- [WHAT THE TASK REQUIRES]:
Retype exactly what appears below from the line containing "Tahun 1991 menandai" down to the line containing "近日,湖北省教育厅发布了《省", keeping both end lines. Do not include pictures.

- [RECORDS]:

┌──

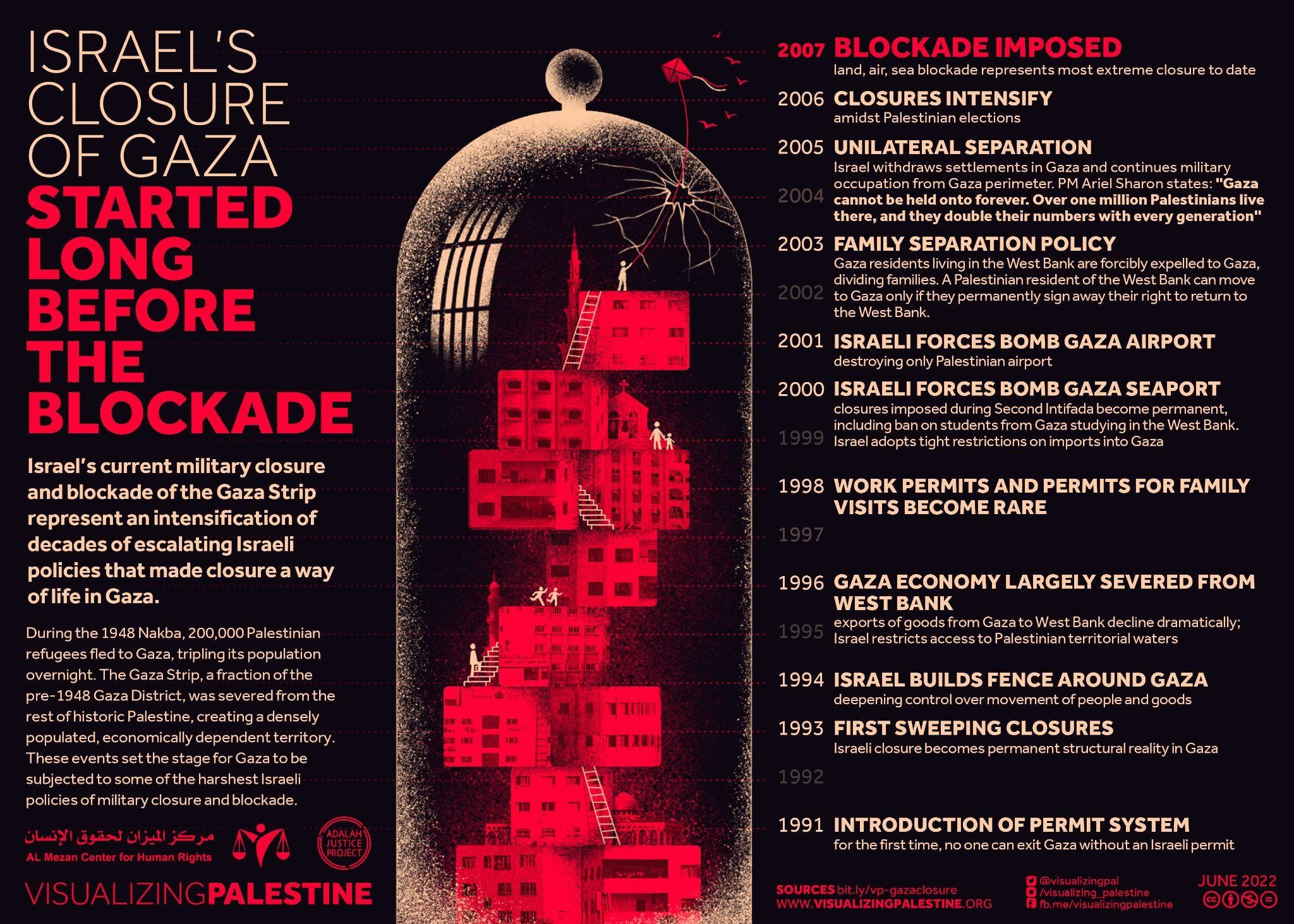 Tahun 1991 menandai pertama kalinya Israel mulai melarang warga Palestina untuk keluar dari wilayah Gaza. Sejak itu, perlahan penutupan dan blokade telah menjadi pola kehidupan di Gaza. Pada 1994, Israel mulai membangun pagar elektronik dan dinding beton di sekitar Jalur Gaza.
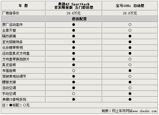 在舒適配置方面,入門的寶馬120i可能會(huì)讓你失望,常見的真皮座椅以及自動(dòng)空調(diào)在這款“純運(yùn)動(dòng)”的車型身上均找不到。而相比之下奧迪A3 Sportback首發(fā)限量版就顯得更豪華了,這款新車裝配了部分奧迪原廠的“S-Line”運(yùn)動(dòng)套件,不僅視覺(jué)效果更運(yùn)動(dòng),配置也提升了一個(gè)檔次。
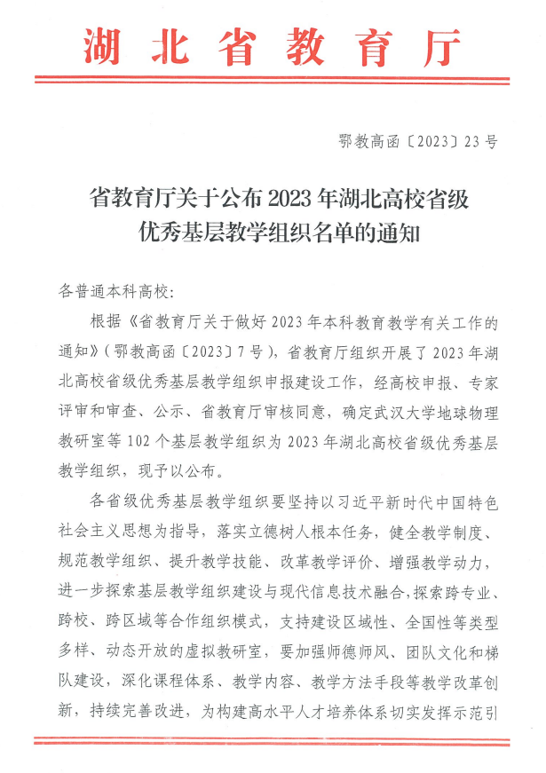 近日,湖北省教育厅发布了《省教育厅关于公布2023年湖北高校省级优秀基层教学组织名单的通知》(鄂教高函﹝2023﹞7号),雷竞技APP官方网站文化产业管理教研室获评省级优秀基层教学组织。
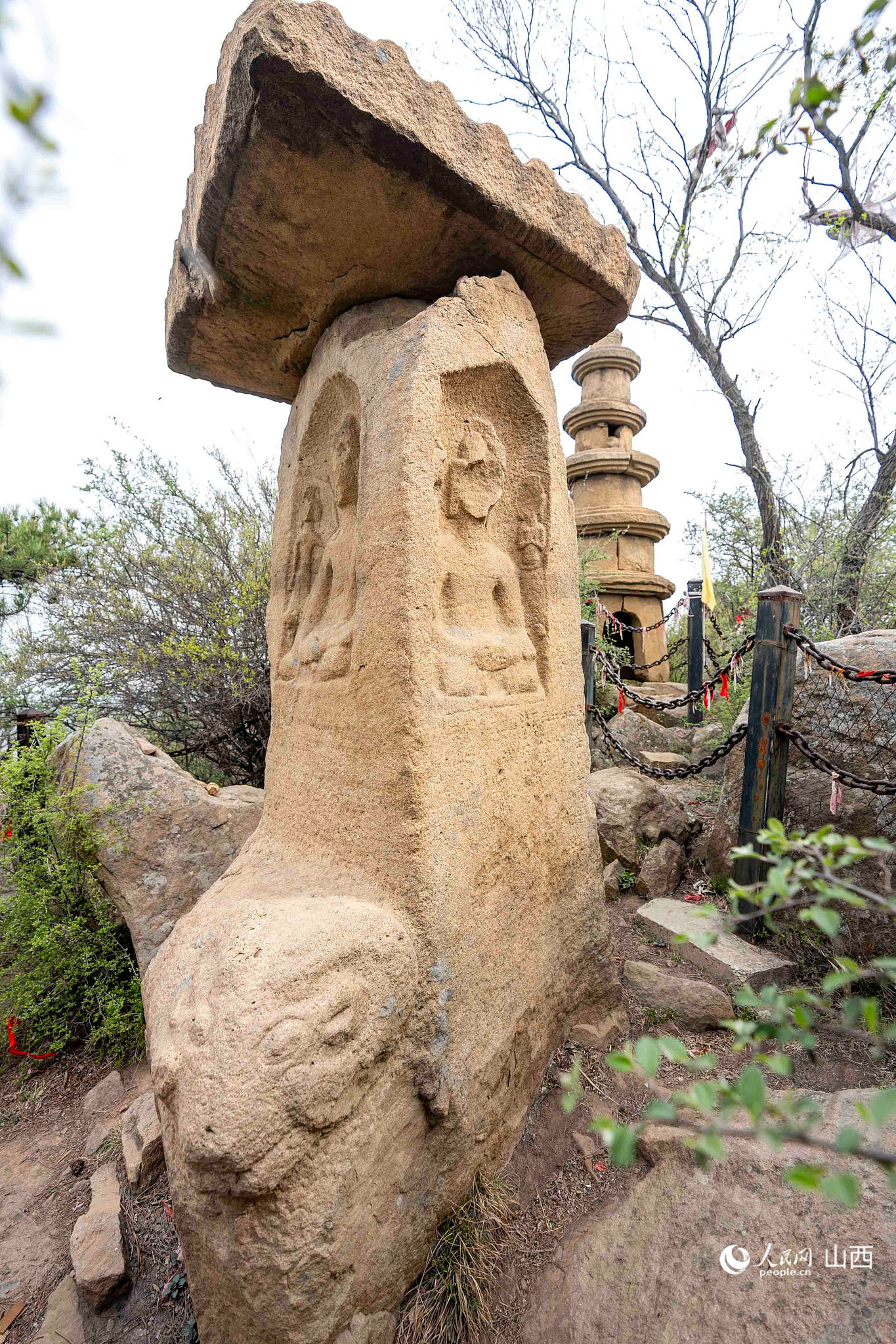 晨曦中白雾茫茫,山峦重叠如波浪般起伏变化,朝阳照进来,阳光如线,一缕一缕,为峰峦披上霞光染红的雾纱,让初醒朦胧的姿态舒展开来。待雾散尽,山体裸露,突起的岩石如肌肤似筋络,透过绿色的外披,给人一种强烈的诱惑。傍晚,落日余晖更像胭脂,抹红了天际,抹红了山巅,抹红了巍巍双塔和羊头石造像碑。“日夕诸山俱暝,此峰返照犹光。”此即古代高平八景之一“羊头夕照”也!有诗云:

└──
┌──

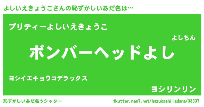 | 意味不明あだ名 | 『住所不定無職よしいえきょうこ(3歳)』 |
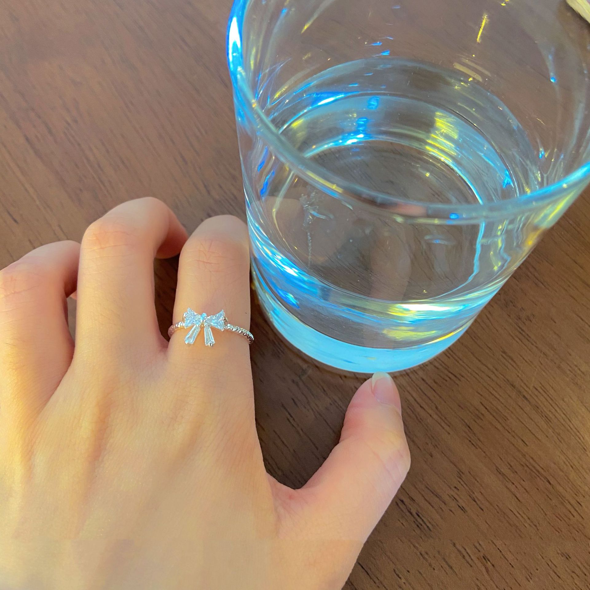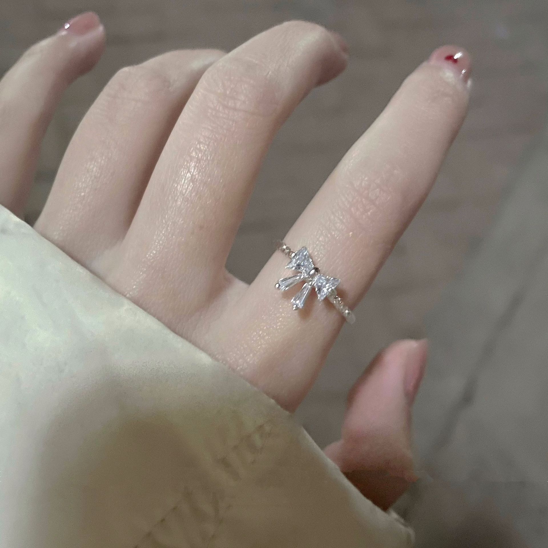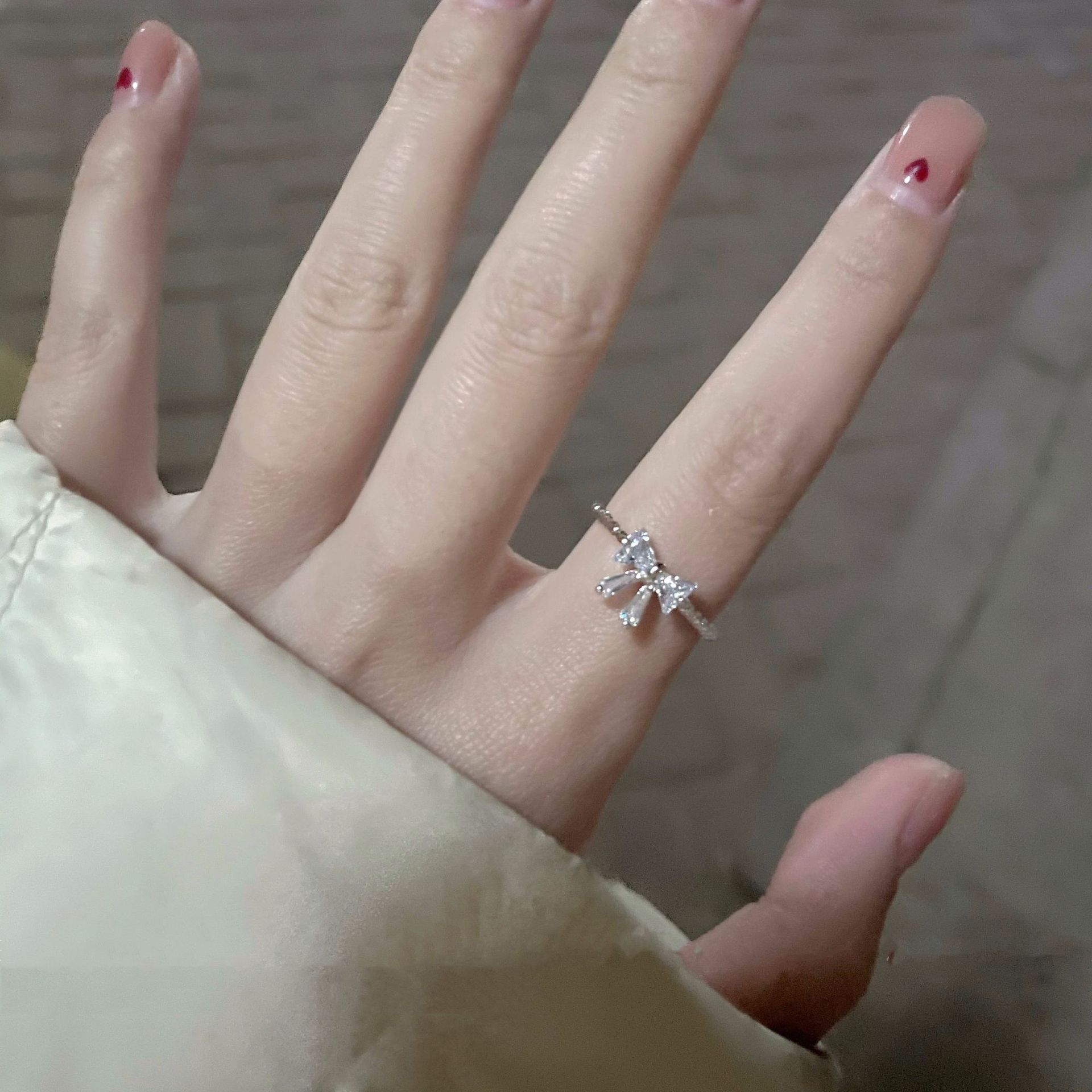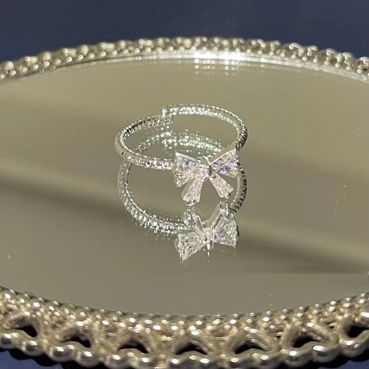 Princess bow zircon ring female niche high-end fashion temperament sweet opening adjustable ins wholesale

└──

- [RESPONSE BELOW]:
 Tahun 1991 menandai pertama kalinya Israel mulai melarang warga Palestina untuk keluar dari wilayah Gaza. Sejak itu, perlahan penutupan dan blokade telah menjadi pola kehidupan di Gaza. Pada 1994, Israel mulai membangun pagar elektronik dan dinding beton di sekitar Jalur Gaza.
 在舒適配置方面,入門的寶馬120i可能會(huì)讓你失望,常見的真皮座椅以及自動(dòng)空調(diào)在這款“純運(yùn)動(dòng)”的車型身上均找不到。而相比之下奧迪A3 Sportback首發(fā)限量版就顯得更豪華了,這款新車裝配了部分奧迪原廠的“S-Line”運(yùn)動(dòng)套件,不僅視覺(jué)效果更運(yùn)動(dòng),配置也提升了一個(gè)檔次。
 近日,湖北省教育厅发布了《省教育厅关于公布2023年湖北高校省级优秀基层教学组织名单的通知》(鄂教高函﹝2023﹞7号),雷竞技APP官方网站文化产业管理教研室获评省级优秀基层教学组织。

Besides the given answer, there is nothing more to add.